Copy the listing exactly; drop the pictures.

- Dataset content

• • • • •

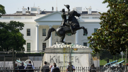 ترامب المحتجين الذين حاولوا إزالة تمثال الرئيس الأمريكي... ترامب على حسابه في تويتر:"تم القبض على عدد من الأشخاص في...
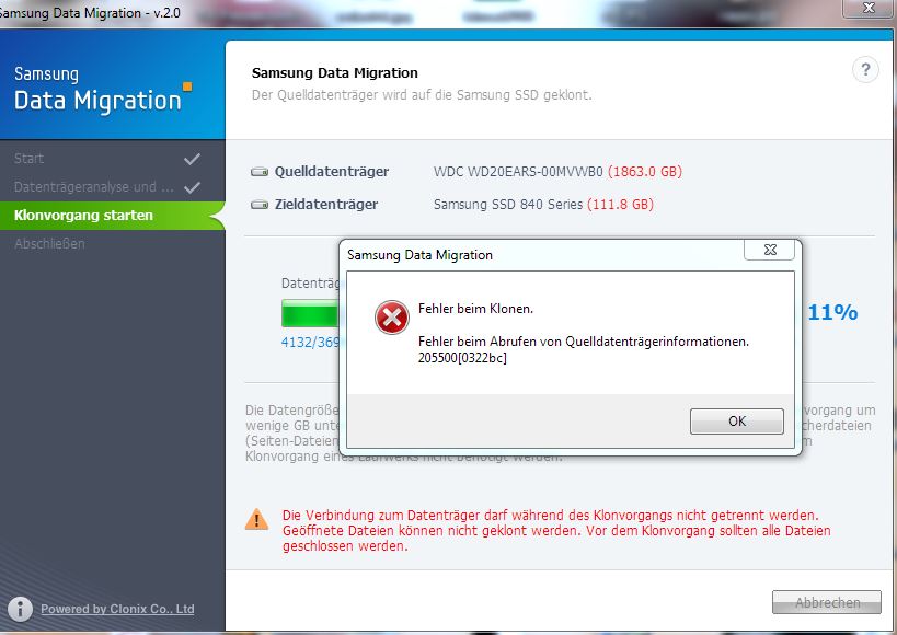 Nun wollte ich das alte Windows (auf 64GB Partition) auf die 120GB SSD Migrieren...
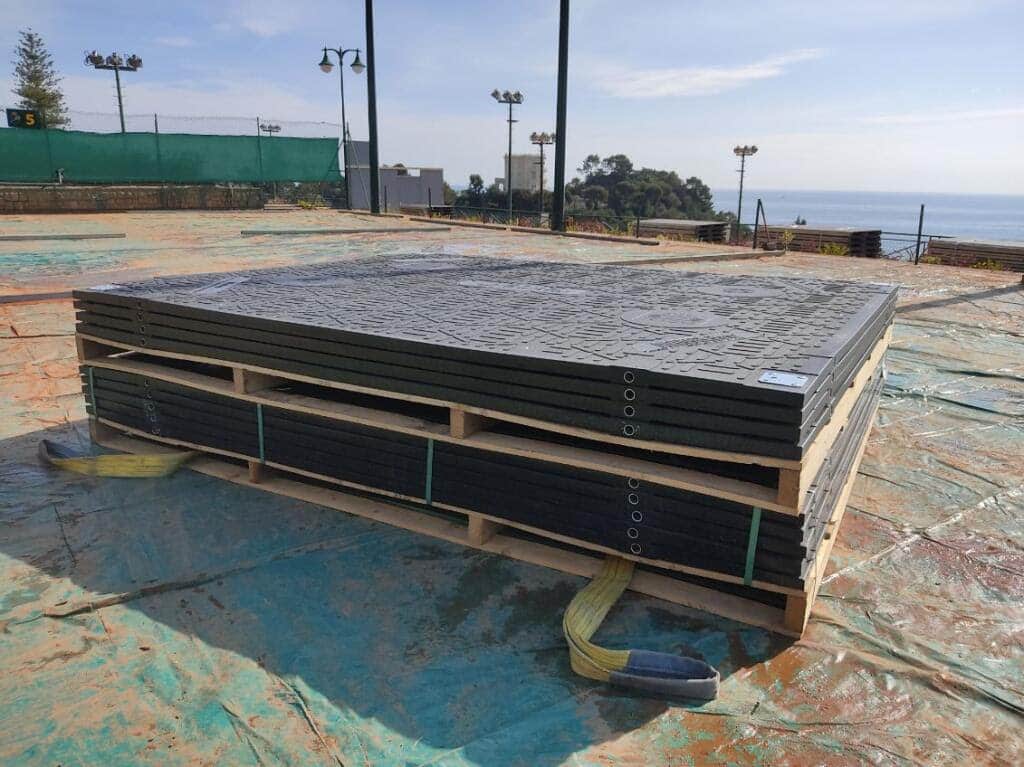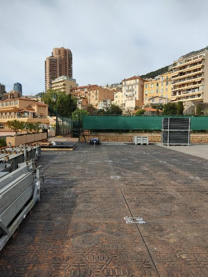 • Pose des plaques directement sur les bâches, formant une plateforme stable capable de supporter des structures événementielles lourdes telles que des chapiteaux
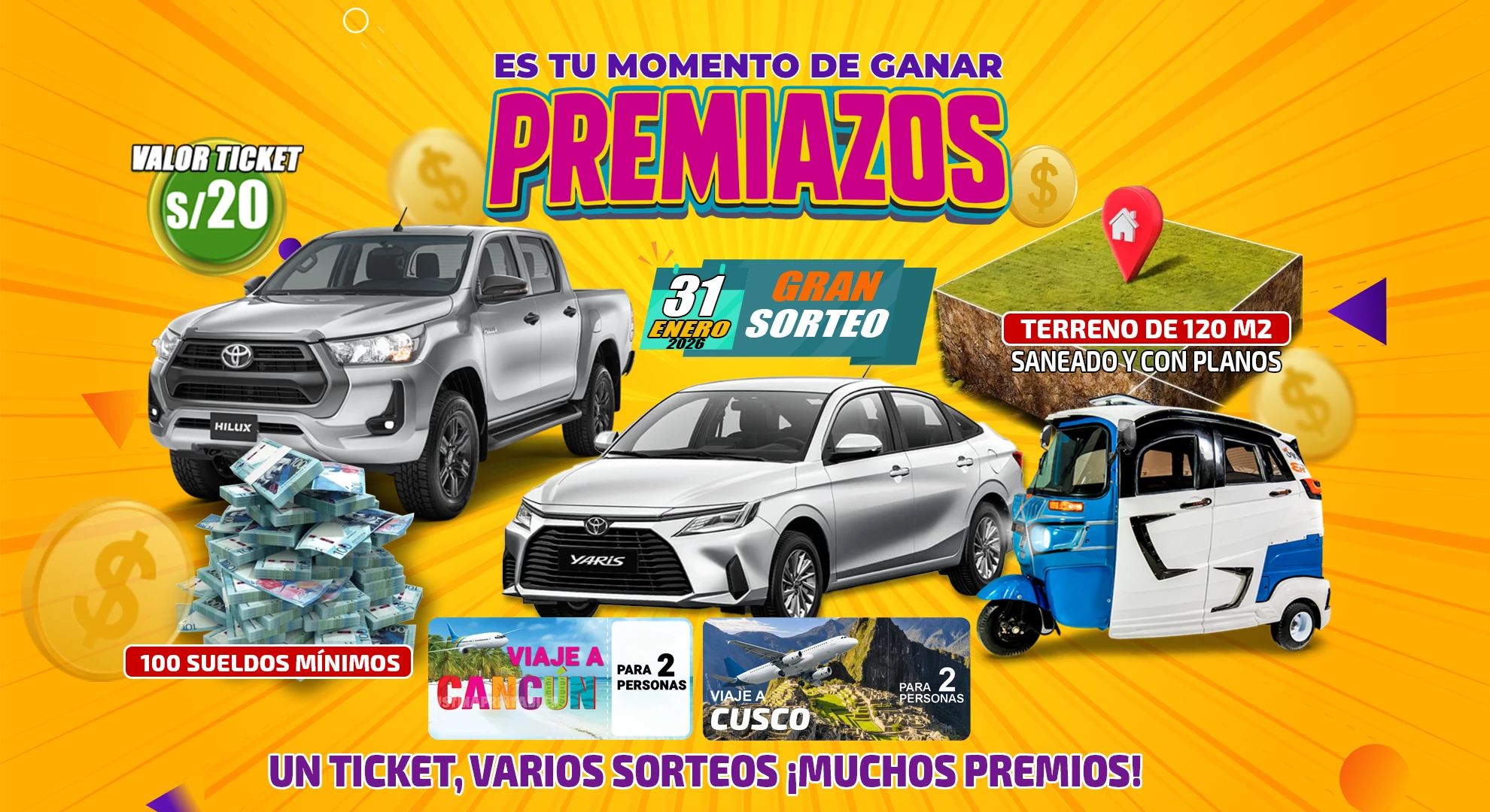 Una camioneta HILUX 4×4, un terreno en esquina de 120 m2, un Toyota Yaris, 100 sueldos mínimos, una moto torito 0KM, un viaje a Cancún para dos personas y un viaje a Cusco para dos personas.

• • • • •

- Result below
 ترامب المحتجين الذين حاولوا إزالة تمثال الرئيس الأمريكي... ترامب على حسابه في تويتر:"تم القبض على عدد من الأشخاص في...
 Nun wollte ich das alte Windows (auf 64GB Partition) auf die 120GB SSD Migrieren...
 • Pose des plaques directement sur les bâches, formant une plateforme stable capable de supporter des structures événementielles lourdes telles que des chapiteaux
 Una camioneta HILUX 4×4, un terreno en esquina de 120 m2, un Toyota Yaris, 100 sueldos mínimos, una moto torito 0KM, un viaje a Cancún para dos personas y un viaje a Cusco para dos personas.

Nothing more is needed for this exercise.